One of the strengths of the Club has been its scientific basis. Skertchly was a geologist, Tryon a Government Entomologist. The leadership of University staff and other professional scientists has continued with about half the presidents drawn from these groups. Association with the Queensland Museum and Queensland Herbarium has been close; many of their staff have been Club members and often leaders in its activities, while other Club members in turn have cooperated in collecting specimens for the two institutions. In recent years the proportion of professional scientists appears to have declined somewhat. Two factors are important here: the change of emphasis in scientific studies from field work and the natural history approach to laboratory and high-technology studies, and the striking increase in skilled and dedicated amateurs in the areas of natural history and conservation. In a number of individual cases, professional qualifications and occupation in one field of science have meant skilled application as an “amateur” in another area; a professor of earth sciences and expert on volcanoes is, as a naturalist, an authority on Queensland cicadas; a lecturer in anatomy of large animals is an expert on the local birds and their behaviour.
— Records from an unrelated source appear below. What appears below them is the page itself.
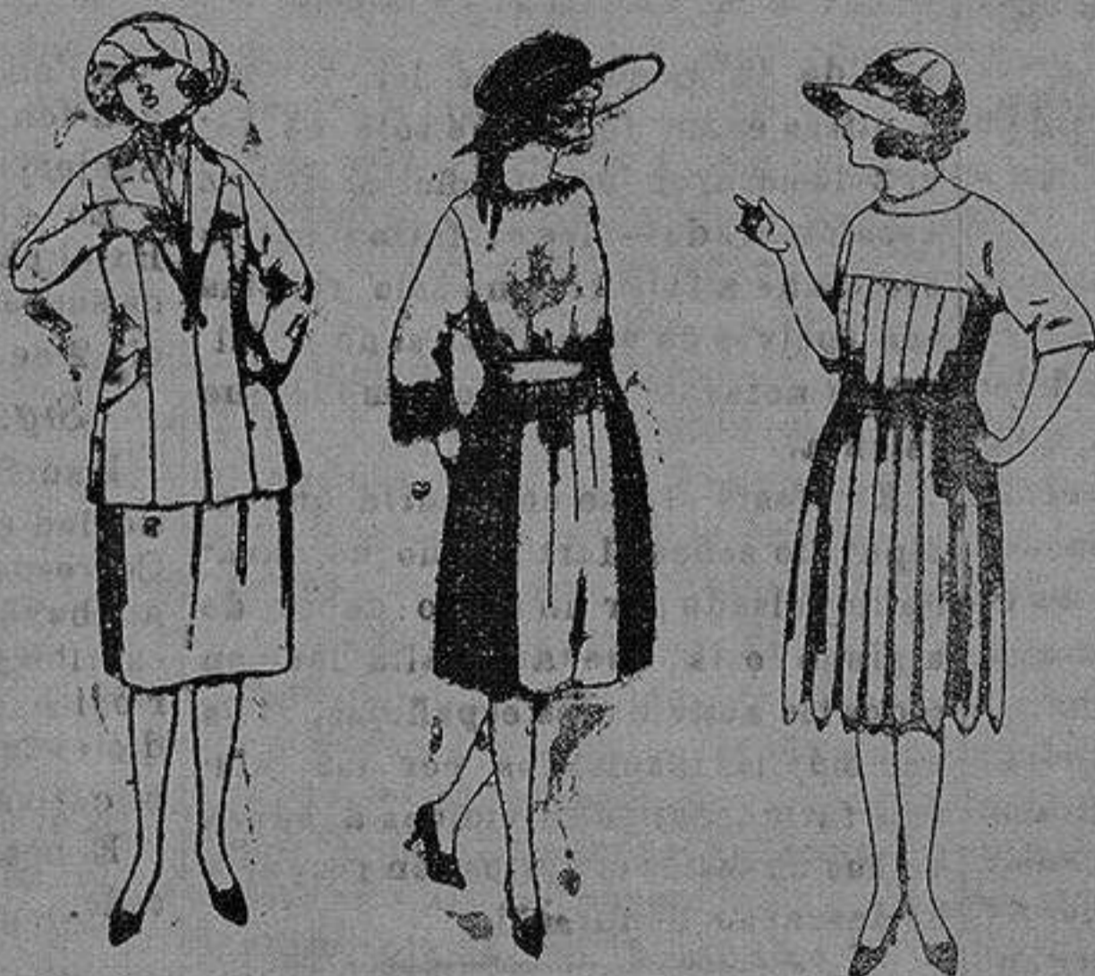
Trajos de sarga inglesa, gabardina etc., en azul y color. de pta. 55 a 150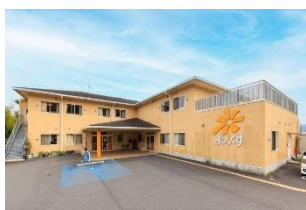
・シニアヴィラジュレ橋本 ・ジュレデイサービス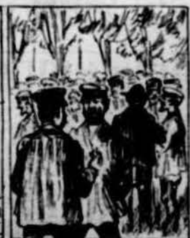
L' obrer d' aixó'n tru en clar, porque ha tocat sos defectes, que no convé sos projectes a pllasso l'eco anunciar.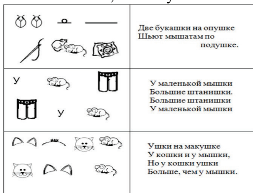
Автоматизация звука [Ш]

Знаки и символы, используемые в мнемотаблицах, должны быть хорошо знакомы детям.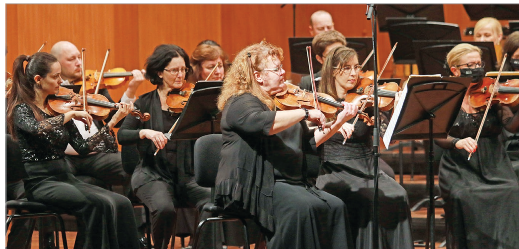
A magyar klasszikus zene napján is fellépnek a szimfonikusok.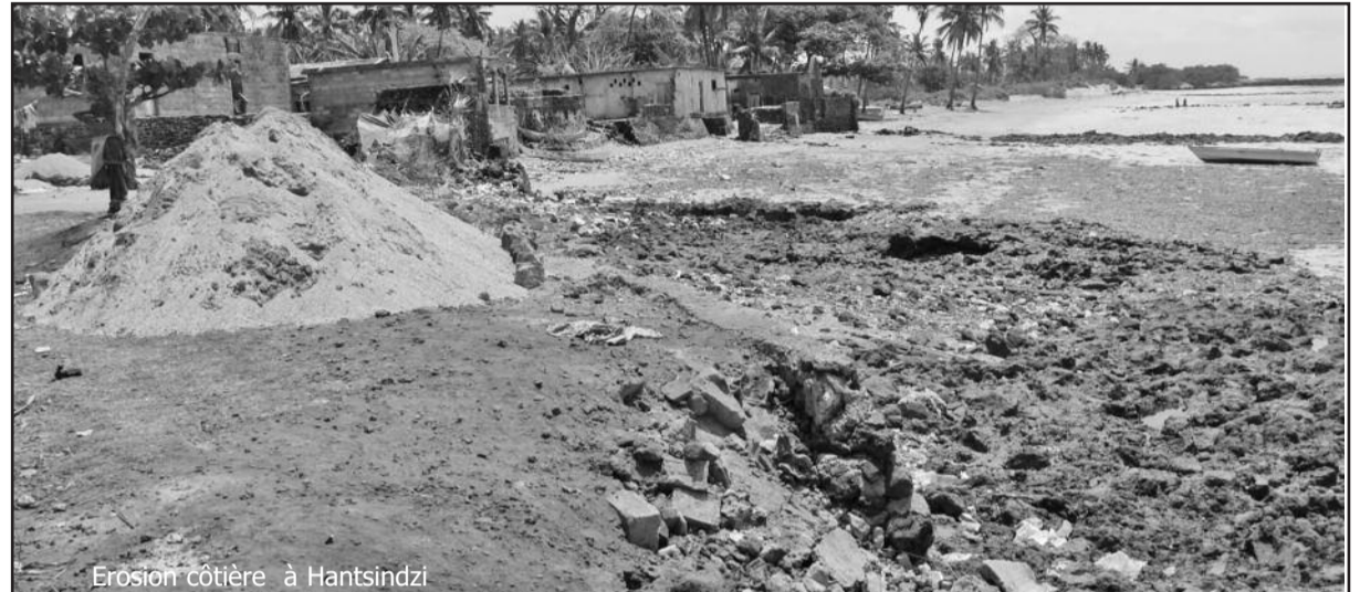
Erosion côtière à Hantsindzi

pour les prochaines années sera le développement des capacités pour lutter efficacement contre la dégradation de l'environnement et une meilleure gestion des ressources naturelles. Le travail pour la mise en place du réseau national des Aires Protégées se poursuit avec le dépôt le mois dernier de la loi à l'Assemblée de l'Union. Par ailleurs un projet portant sur le renforcement des capacités des ressources humaines, du cadre juri-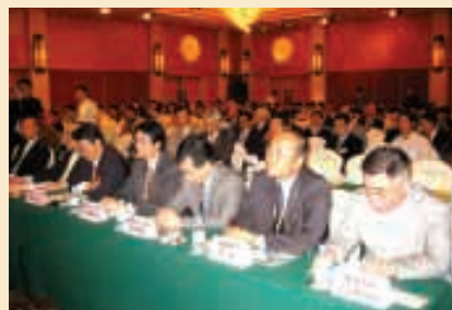
渝港中小企業交流研討會的情況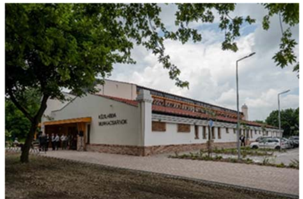
Kézilabda Munkacsarnok (új csarnok) Nádor utca 28.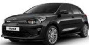
Aurora Black Pearl (metalický lak)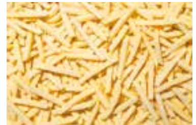
Frytki cienkie proste 7x7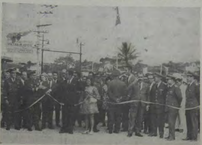
Grande número de autoridades civis e militares, além da presença de uma enorme massa popular, prestigiaram, domingo último, a inauguração da Praça Santos Dumont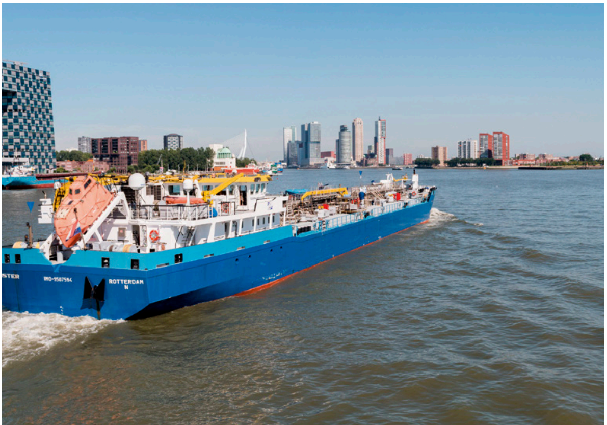
Foto ter illustratie: een binnenvaartschip in Rotterdamse wateren (niet betrokken bij het strafrechtelijk onderzoek)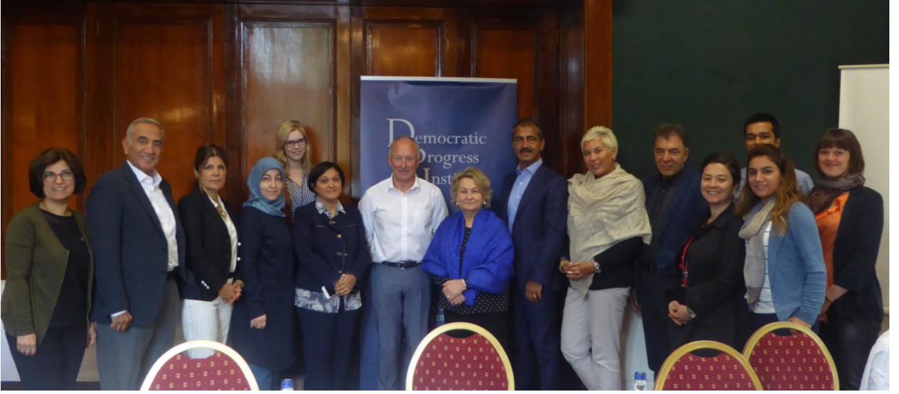
Katılımcılar ile İrlanda Eski Dışışleri ve Savunma Bakanı, Dermot Ahern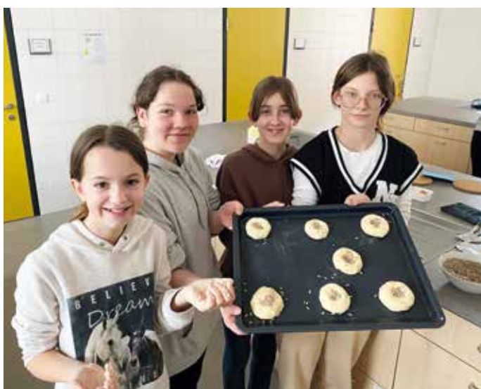
Ab in den Ofen!

Die 3a ist nicht nur Podcast-Profi, sondern überrascht auch mit Backkünsten. Im Biologie-Unterricht wurden vor Ostern im Zuge des Themas „Vom Korn zum Brot“ leckere Brötchen selbst hergestellt und nach dem Abkühlen auch gleich verzehrt. Den Kindern hat diese kreative Unterrichtsform, wie man auf den Bildern erkennen kann, sehr gut gefallen.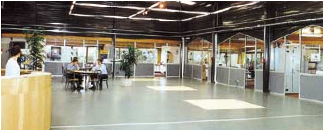
Partenaires du CEEI Gers Gascogne : CCI d'Auch et du Gers, Conseil Général du Gers, Ville d'Auch, Communauté Save Lisloise, Communauté Lomagne Gersoise, Eauze, Riscle, Vic-Fezensac, EDF Pyrénées Gascogne.

Ouverte en septembre 1999, la pépinière du CEEI Gers Gascogne est dédiée à l'accueil d'activités proposant des services ou produits exploitant les Nouvelles Technologies d'Information et de Communication ; elle dispose de 1000 m 2 de locaux relais à usage de bureaux, plateaux tertiaires et ateliers polyvalents et propose des services communs d'accueil, secrétariat, documentation, salles de réunion et conférence, cafétéria... L'ensemble du centre est équipé d'un câblage réseau informatique et télécommunicant avec accès mutualisé et sécurisé à Internet par liaison spécialisée haut débit (512 Kbs).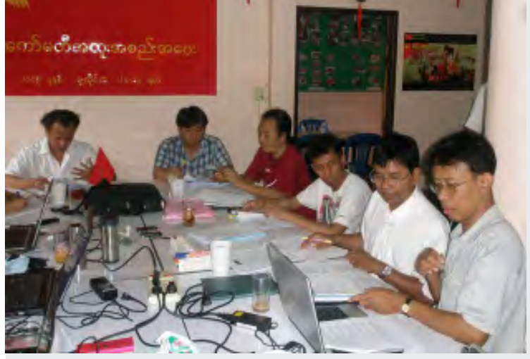
လူ့ဘောင်သစ်ဒီမိုကရက်တစ်ပါတီ ဗဟိုကော်မတီအထူးအစည်းဝေး ကျင်းပနေစဉ်

လူ့ဘောင်သစ်ဒီမိုကရက်တစ်ပါတီ ဗဟိုကော်မတီ၏ အထူးအစည်းဝေးကို ထိုင်း-မြန်မာနယ်စပ်တစ်ခုတွင် ဧပြီလ (၂၀)ရက်နေ့မှ (၂၄)ရက်နေ့အထိ ကျင်းပပြုလုပ်ခဲ့ပြီး လက်ရှိနိုင်ငံရေးဖြစ်စဉ်များအပေါ် ခြုံငုံသုံးသပ်ချက်နှင့် ပါတီလုပ်ငန်းအစီရင်ခံစာအား ဗဟိုအလုပ်အမှုဆောင်ကော်မတီမှ တင်ပြခဲ့ပြီး တက်ရောက်လာကြသော ဗဟိုကော်မတီဝင်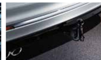
Pare-chocs arrière 'R-Line' avec boule d'attelage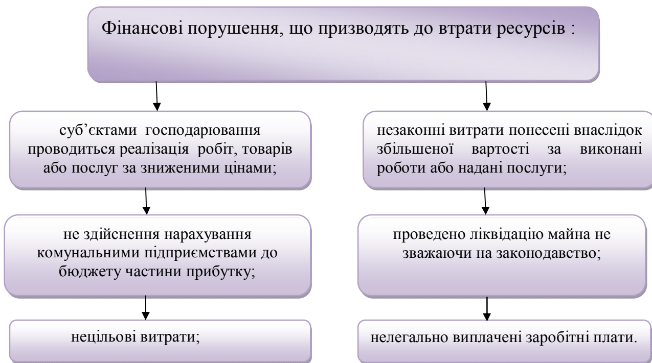
Рис. 3.1 Фінансові порушення, що призводять до втрати ресурсів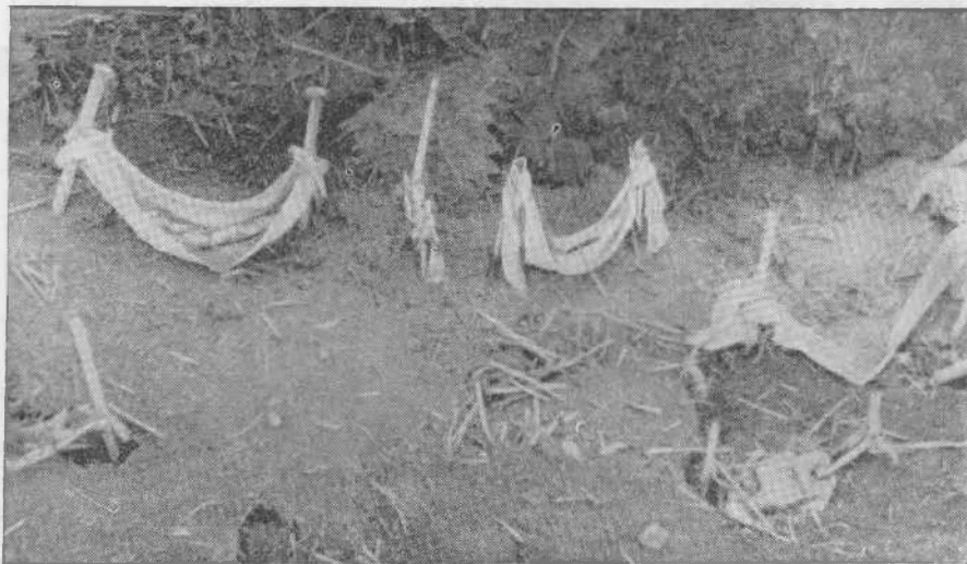
Рис. 3. Имитация детских колыбелей «бешик»; их расставляют у мазара бездетные женщины, чтобы испросить себе у «святого» потомство (Куныя-Ургенч).

Казалось бы, здесь мы имеем дело с обстановкой, созданной для того, чтобы сохранить в тайне от окружающих религиозный обряд, участие муллы, что в современных условиях может скомпрометировать жениха, невесту, их родителей в глазах общественности. Однако выяснение причин этого явления показало, что указанные меры предосторожности весьма далеки от подобных мотивов, а вызываются исключительно боязнью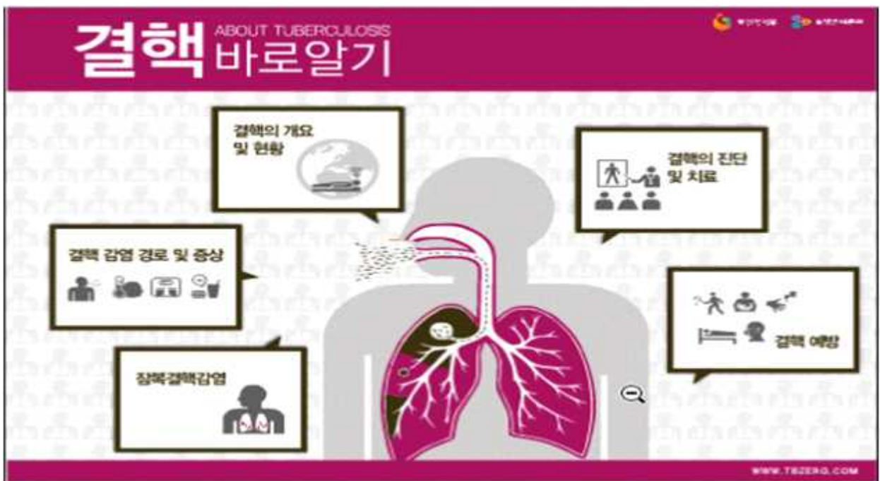
< 결핵 바로알기 (Prezi, PDF) (일반인용) >

Since its inception the Club has had a strong emphasis on excursions and field studies. At first, half-day or full-day excursions were held, usually on a Saturday. Gradually camps and extended excursions were added, and members have visited sites throughout our own area of south-east Queensland and have recorded their observations, in some cases being able to note changes in the ecology of a place over a period; the Christmas Creek area, for example, was visited by the Club in 1941 and again in 1991, with interesting changes noted. Regular day or week-end excursions have been augmented by long excursions to areas on the islands of Moreton Bay, the Great Barrier Reef, Cape York Peninsula and inland Queensland; in recent years excursions to Tasmania, to south-east Asia and to the south Pacific have provided interest, pleasure, and some new scientific information. Some changes have taken place over the years, perhaps most obviously in costume; women members no longer climb mountains in the long voluminous skirts of the early days, while none of the men these days attend in suits and ties.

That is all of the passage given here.